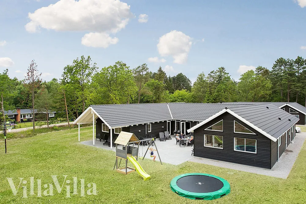 Her kan du se en videopresentasjon av huset. Midt i smørøyet mellom Liseleje og Tisvildeleje i Asserbo-området, ligger Skanlux-sommerhuset. Det ligger tett på Tisvilde Hegn, Liseleje og Tisvildeleje strand, spennende attraksjoner, små butikker og restauranter. I tillegg er det kort kjøreavstand til Københavns utallige severdigheter og shoppingmuligheter. De badeglade kan boltre seg i det 18 m2 store bassenget med motstrømsanlegg og sklie. Den romerske trappen gjør det enkelt for småbarn og eldre å entre bassenget. Etter all anstrengelsen i bassenget... Les mer
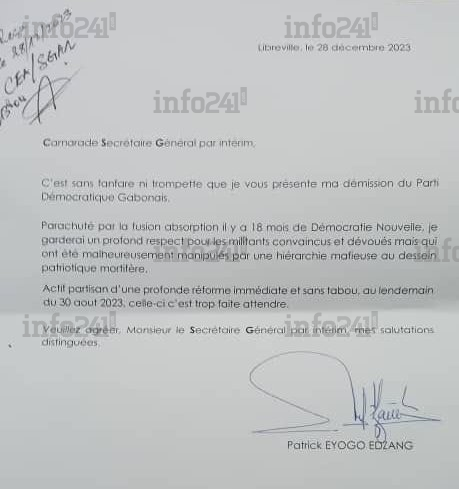 Le Parti démocratique gabonais (PDG) d’Ali Bongo chassé du pouvoir l’armée gabonaise vit ses heures les plus troubles. La faillite politique de l’ancien parti unique se confirme de plus en plus avec les démissions en cascade de ses anciens militants. Ce jeudi 28 décembre le tour est revenu à l’ancien ministre de l’Energie, Patrick Karim Eyogo Edzang, par ailleurs secrétaire général adjoint 5 chargé des relations avec les partenaires politiques.
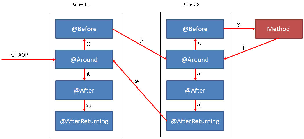 从Spring5.2.7开始,在相同@Aspect类中,通知方法将根据其类型按照从高到低的优先级进行执行:@Around,@Before ,@After,@AfterReturning,@AfterThrowing。
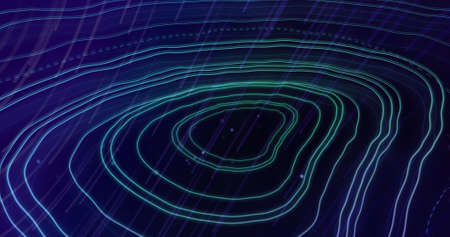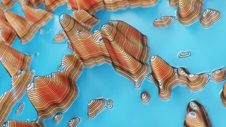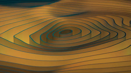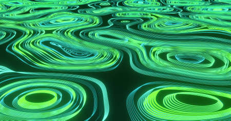 Abstract background of topographic map concept. Contour map stripes. Valleys and mountains. Geography concept. Wavy backdrop. Magic neon light curved swirl line. 3D illustration
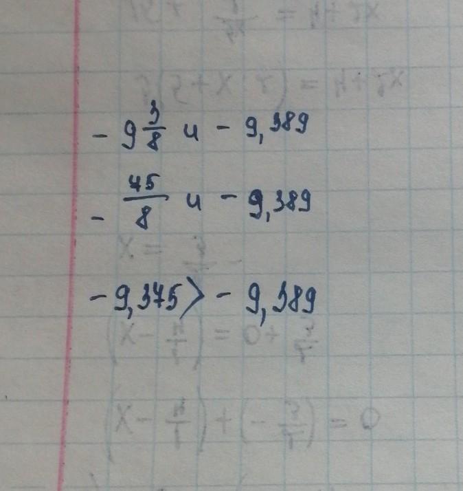 Ответ: приводим обе дроби к десятичным, тогда -9 3/8=-9,375> - 9,389.
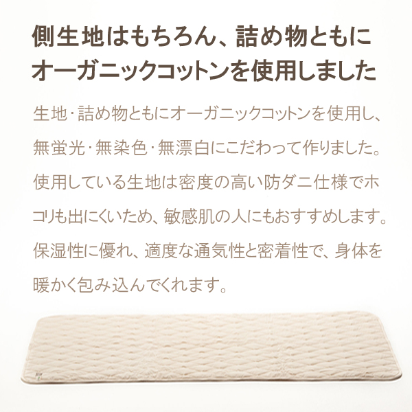 ・キルティング加工が施されたオーガニック敷きふとんパッドです。
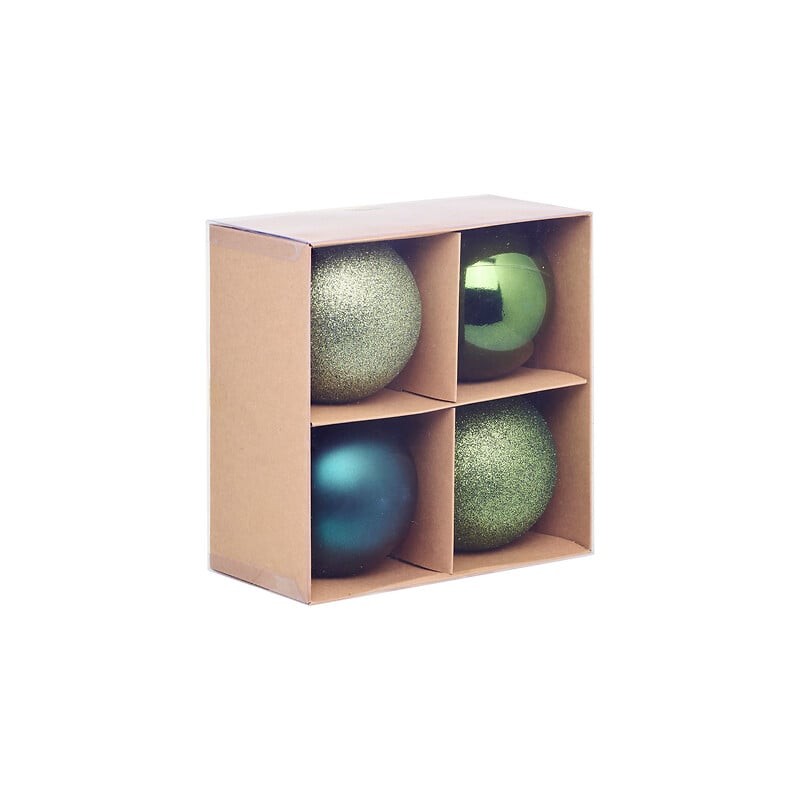 Lote de 4 bolas decorativas de 10 cm de diámetro, fabricadas en poliestireno reciclado, en color verde oliva. Aportan volumen, ligereza y un aire sofisticado a composiciones navideñas con estilo orgánico y actual.
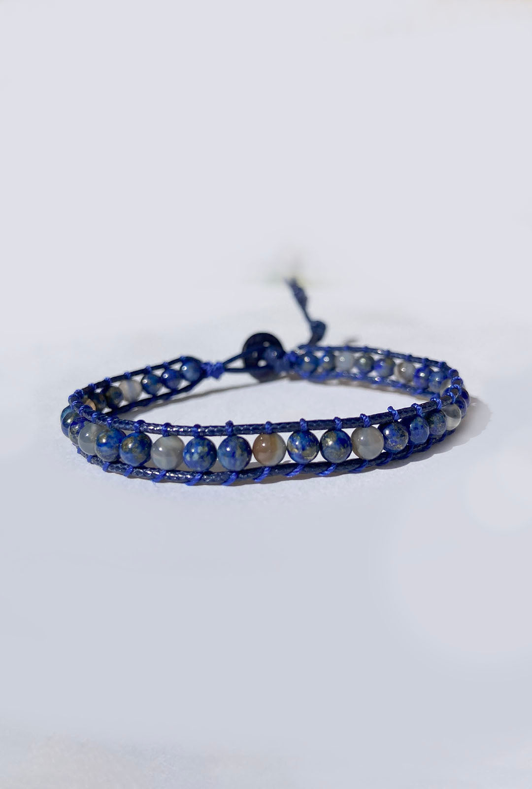 A pulseira Shambala é produzida artesanalmente com pedras naturais Lápis Lazuli, em fio de couro azul com botão de madrepérola.
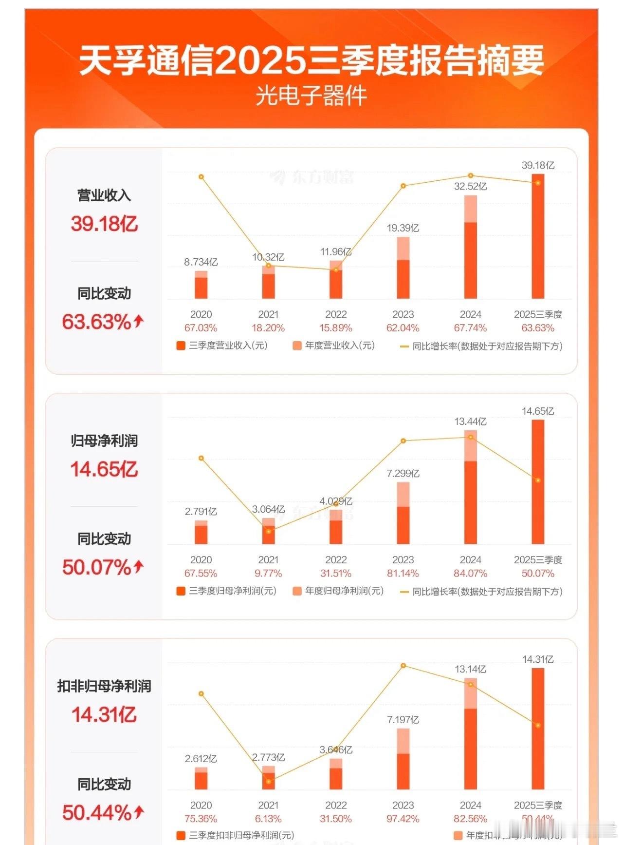 天孚通信2025年前三季度营业收入39.18亿元,同比增长63.63%;净利润14.65亿元,同比增长50.07%;每股收益1.8863元。
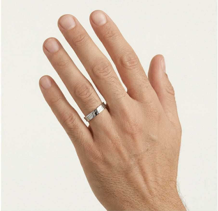 Snubní prsten z bílého zlata s vyřezávanými liniemi
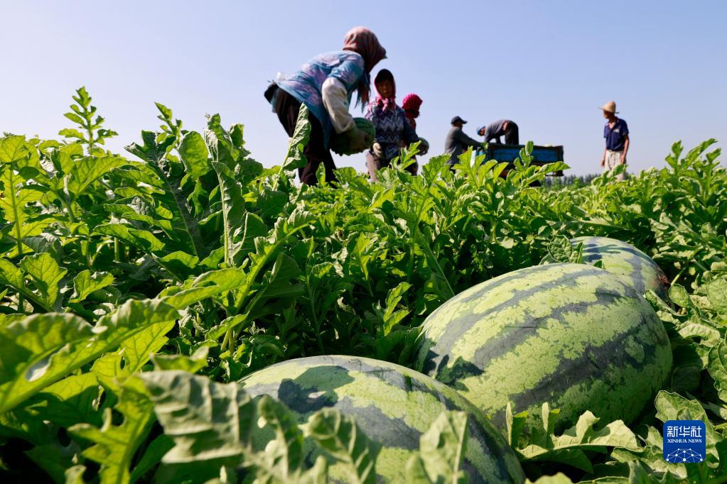 7月1日,河北省唐山市丰南区东田庄乡亚庄子村农民在搬运采收的西瓜。
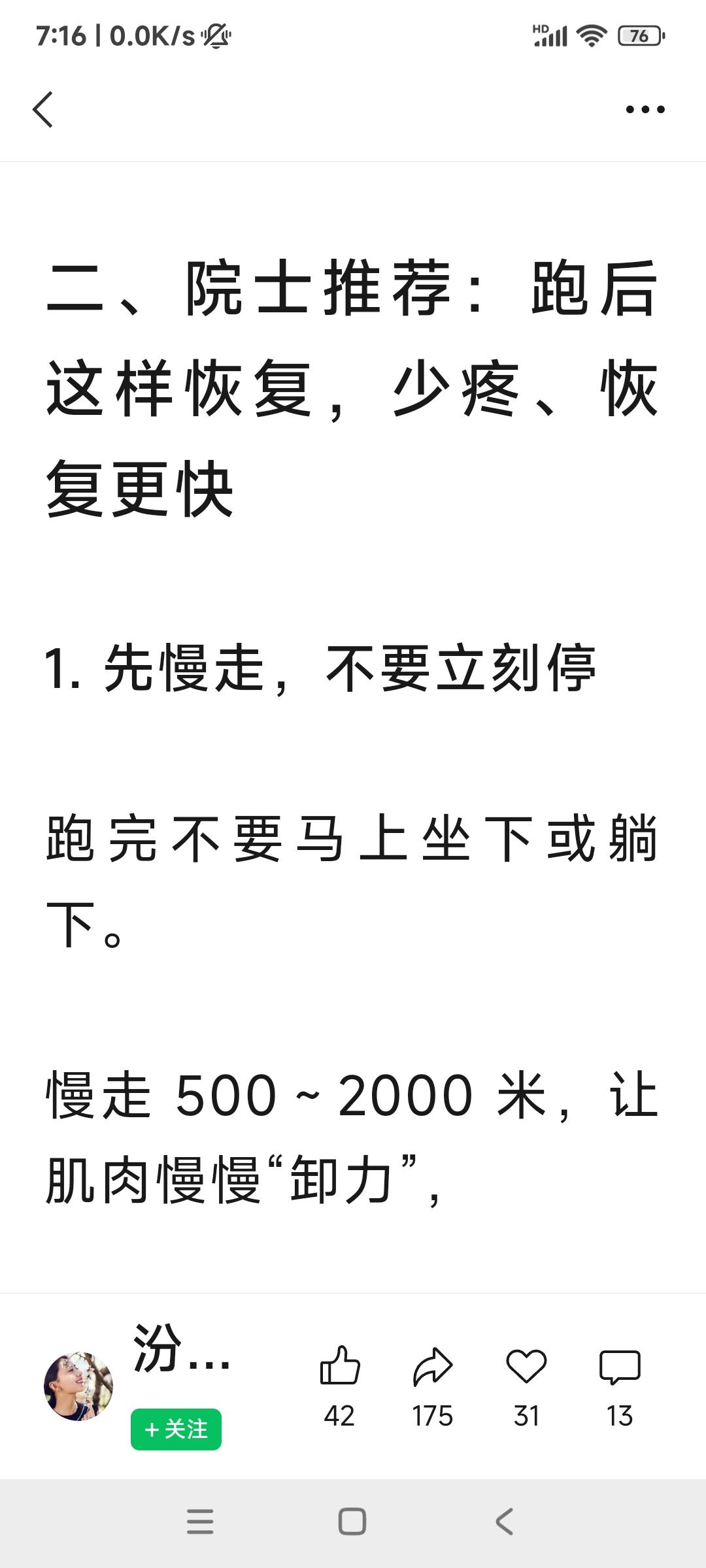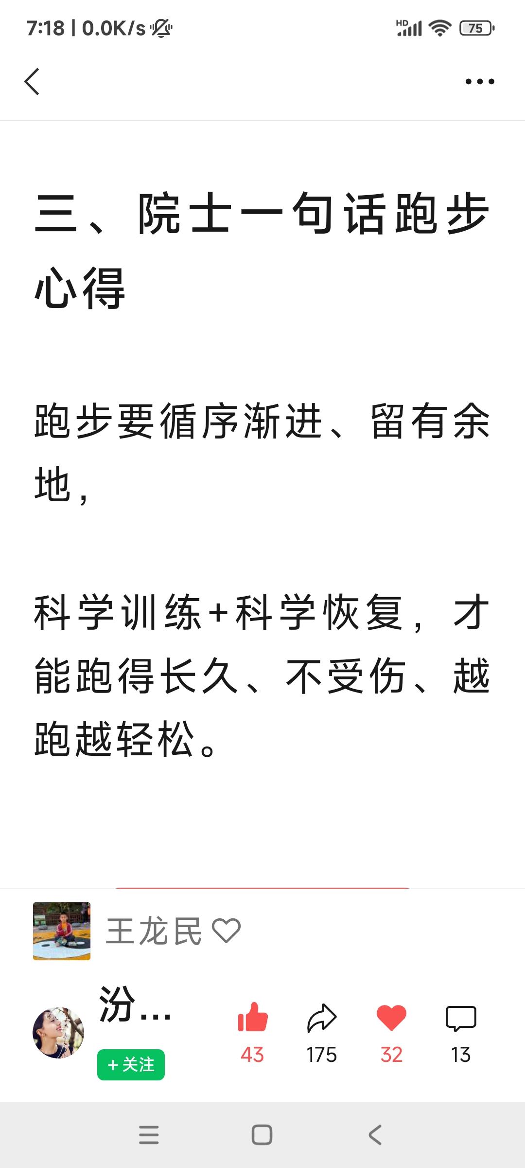科学跑步+科学恢复,才能不受伤跑的持久。 运动康复专家,74岁厉建安院士64岁开
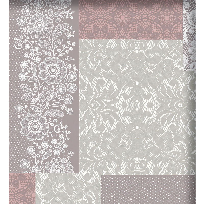 PVC stampato accoppiato a tessuto di polipropilene. Altezza 140 cm. Fantasia Quadretti pizzo rosa. Rotolo da 20 m. L'offerta ed i prezzi si riferiscono a 20 pz. per confezione
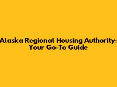 Alaska Regional Housing Authority: Your Go-To Guide
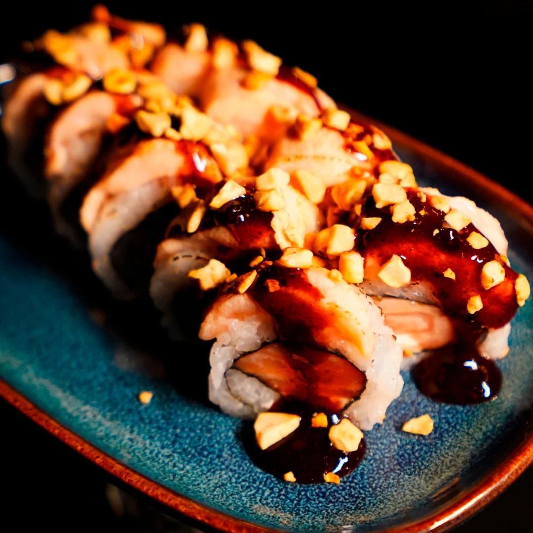 Uramaki recheado com salmão grelhado com especiarias, cream cheese e finalizado com molho tarê e gergelim
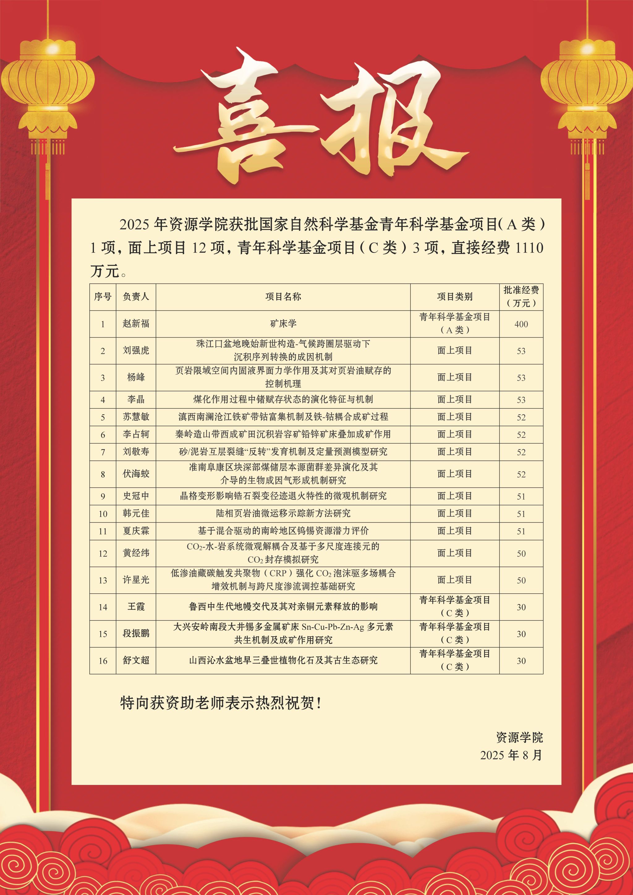 8月27日,国家自然科学基金委员会公布了2025年集中接收期项目评审结果,资源学院获批资助项目共16项。其中,青年科学基金项目(A类)1项,面上项目12项,青年科学基金项目(C类)3项。项目直接经费达1110万元,较2024年增长63.2%,经费数量位居全校第二。
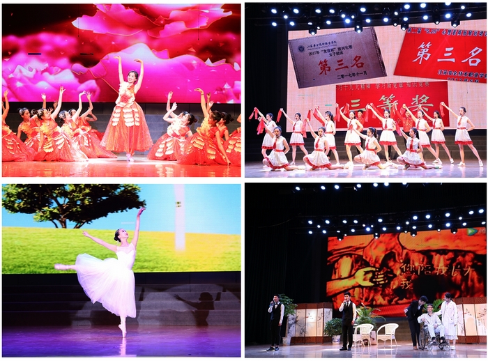 在精彩的开场舞蹈《花开盛世》后,系部文化展演节目纷繁呈现。汽车工程系同学带来的朗诵节目《我骄傲我是中国人》,激情澎湃、充满正气,较好地表达了当代大学生对于祖国的感激与热爱;双簧节目《我是大明星》诙谐幽默、形式简单却不失“笑”果;尤其是小品《老爸,我爱你》获得广泛的认可,小品以儿子去敬老院看望失忆的爸爸为背景开始,全程展现着父亲对于儿子那份无声的关爱和保护,最后以父子团聚结束,由于演员表演到位、传神,细节展现清晰、合理,使得整个会场充满着思念亲情、感恩父母的旋律,不少观众留下了感动的泪水。信息工程系三个舞蹈《匆匆那年》、《咏春》、《芳华》,分别从校园记忆、中国风、青春情怀三个角度展现人们对于美好生活的向往。优雅中传递着青春的正能量。整场节目不仅向同学们传递着积极的价值引导,也给同学们带来美的享受。最后,学校合唱团带来的《少年中国说》、《青春集合在军旗下》歌唱出同学们的青春活力和满心正气,为整场开幕式画下圆满的句号。
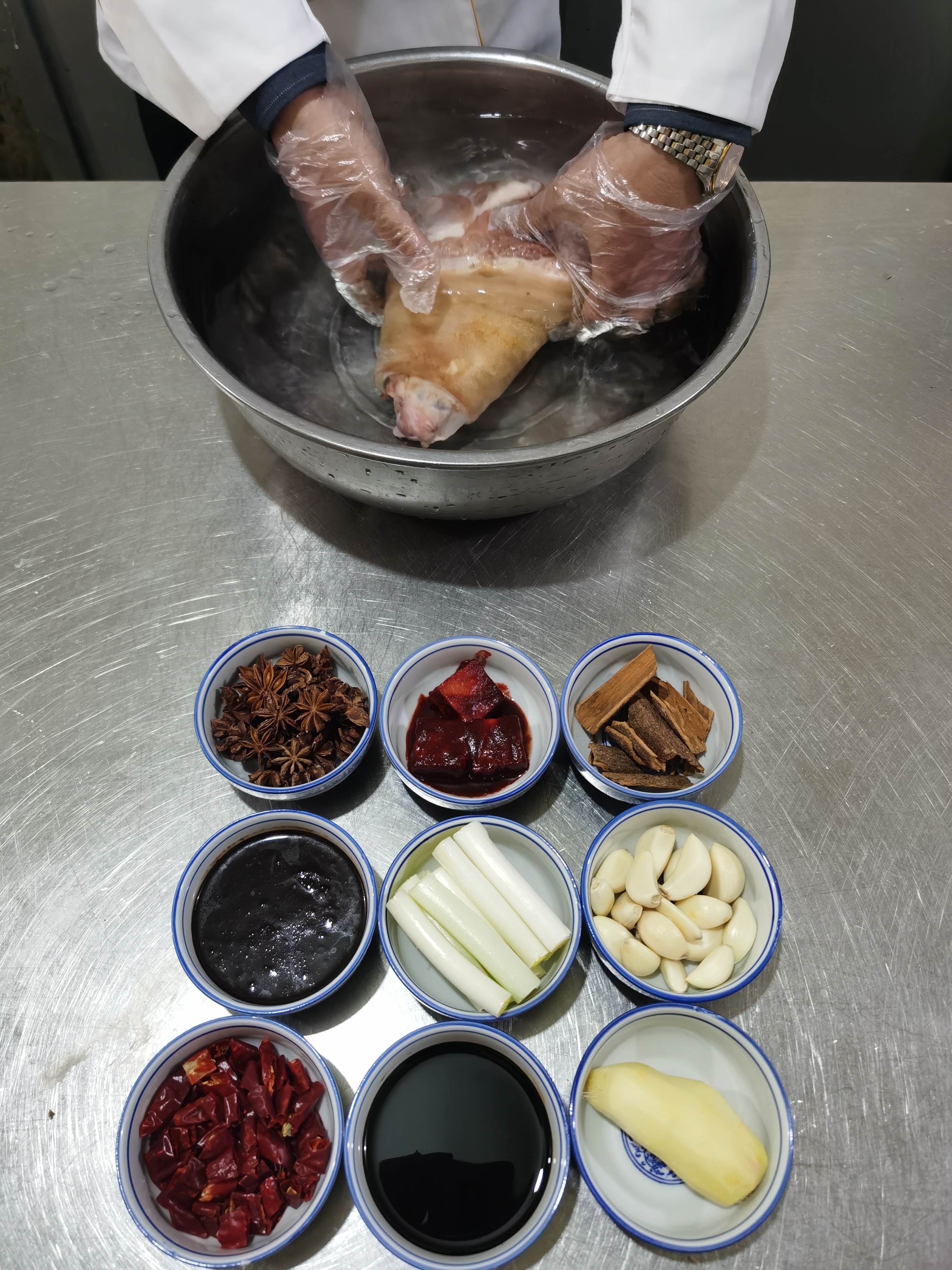 大荔县餐饮协会副会长左秦州演示了“带把肘子”的制作过程:精选约3.5斤重的猪前肘,剖皮、剔肉、斩骨之后入水断生,接着趁热涂抹酱料,与八角、桂皮等多味调料共置于蒸盆,直到诸多滋味在武蒸文焖中渗入皮肉。

■ ■ ■ ■ ■ ■ ■

§ **Required work**
Transcribe the whole listing exactly. Pictures stay out of your copy.

§ **Answer space**
 Her kan du se en videopresentasjon av huset. Midt i smørøyet mellom Liseleje og Tisvildeleje i Asserbo-området, ligger Skanlux-sommerhuset. Det ligger tett på Tisvilde Hegn, Liseleje og Tisvildeleje strand, spennende attraksjoner, små butikker og restauranter. I tillegg er det kort kjøreavstand til Københavns utallige severdigheter og shoppingmuligheter. De badeglade kan boltre seg i det 18 m2 store bassenget med motstrømsanlegg og sklie. Den romerske trappen gjør det enkelt for småbarn og eldre å entre bassenget. Etter all anstrengelsen i bassenget... Les mer
 Le Parti démocratique gabonais (PDG) d’Ali Bongo chassé du pouvoir l’armée gabonaise vit ses heures les plus troubles. La faillite politique de l’ancien parti unique se confirme de plus en plus avec les démissions en cascade de ses anciens militants. Ce jeudi 28 décembre le tour est revenu à l’ancien ministre de l’Energie, Patrick Karim Eyogo Edzang, par ailleurs secrétaire général adjoint 5 chargé des relations avec les partenaires politiques.
 从Spring5.2.7开始,在相同@Aspect类中,通知方法将根据其类型按照从高到低的优先级进行执行:@Around,@Before ,@After,@AfterReturning,@AfterThrowing。
 Abstract background of topographic map concept. Contour map stripes. Valleys and mountains. Geography concept. Wavy backdrop. Magic neon light curved swirl line. 3D illustration
 Ответ: приводим обе дроби к десятичным, тогда -9 3/8=-9,375> - 9,389.
 ・キルティング加工が施されたオーガニック敷きふとんパッドです。
 Lote de 4 bolas decorativas de 10 cm de diámetro, fabricadas en poliestireno reciclado, en color verde oliva. Aportan volumen, ligereza y un aire sofisticado a composiciones navideñas con estilo orgánico y actual.
 A pulseira Shambala é produzida artesanalmente com pedras naturais Lápis Lazuli, em fio de couro azul com botão de madrepérola.
 天孚通信2025年前三季度营业收入39.18亿元,同比增长63.63%;净利润14.65亿元,同比增长50.07%;每股收益1.8863元。
 Snubní prsten z bílého zlata s vyřezávanými liniemi
 7月1日,河北省唐山市丰南区东田庄乡亚庄子村农民在搬运采收的西瓜。
科学跑步+科学恢复,才能不受伤跑的持久。 运动康复专家,74岁厉建安院士64岁开
 PVC stampato accoppiato a tessuto di polipropilene. Altezza 140 cm. Fantasia Quadretti pizzo rosa. Rotolo da 20 m. L'offerta ed i prezzi si riferiscono a 20 pz. per confezione
 Alaska Regional Housing Authority: Your Go-To Guide
 Uramaki recheado com salmão grelhado com especiarias, cream cheese e finalizado com molho tarê e gergelim
 8月27日,国家自然科学基金委员会公布了2025年集中接收期项目评审结果,资源学院获批资助项目共16项。其中,青年科学基金项目(A类)1项,面上项目12项,青年科学基金项目(C类)3项。项目直接经费达1110万元,较2024年增长63.2%,经费数量位居全校第二。
 在精彩的开场舞蹈《花开盛世》后,系部文化展演节目纷繁呈现。汽车工程系同学带来的朗诵节目《我骄傲我是中国人》,激情澎湃、充满正气,较好地表达了当代大学生对于祖国的感激与热爱;双簧节目《我是大明星》诙谐幽默、形式简单却不失“笑”果;尤其是小品《老爸,我爱你》获得广泛的认可,小品以儿子去敬老院看望失忆的爸爸为背景开始,全程展现着父亲对于儿子那份无声的关爱和保护,最后以父子团聚结束,由于演员表演到位、传神,细节展现清晰、合理,使得整个会场充满着思念亲情、感恩父母的旋律,不少观众留下了感动的泪水。信息工程系三个舞蹈《匆匆那年》、《咏春》、《芳华》,分别从校园记忆、中国风、青春情怀三个角度展现人们对于美好生活的向往。优雅中传递着青春的正能量。整场节目不仅向同学们传递着积极的价值引导,也给同学们带来美的享受。最后,学校合唱团带来的《少年中国说》、《青春集合在军旗下》歌唱出同学们的青春活力和满心正气,为整场开幕式画下圆满的句号。
 大荔县餐饮协会副会长左秦州演示了“带把肘子”的制作过程:精选约3.5斤重的猪前肘,剖皮、剔肉、斩骨之后入水断生,接着趁热涂抹酱料,与八角、桂皮等多味调料共置于蒸盆,直到诸多滋味在武蒸文焖中渗入皮肉。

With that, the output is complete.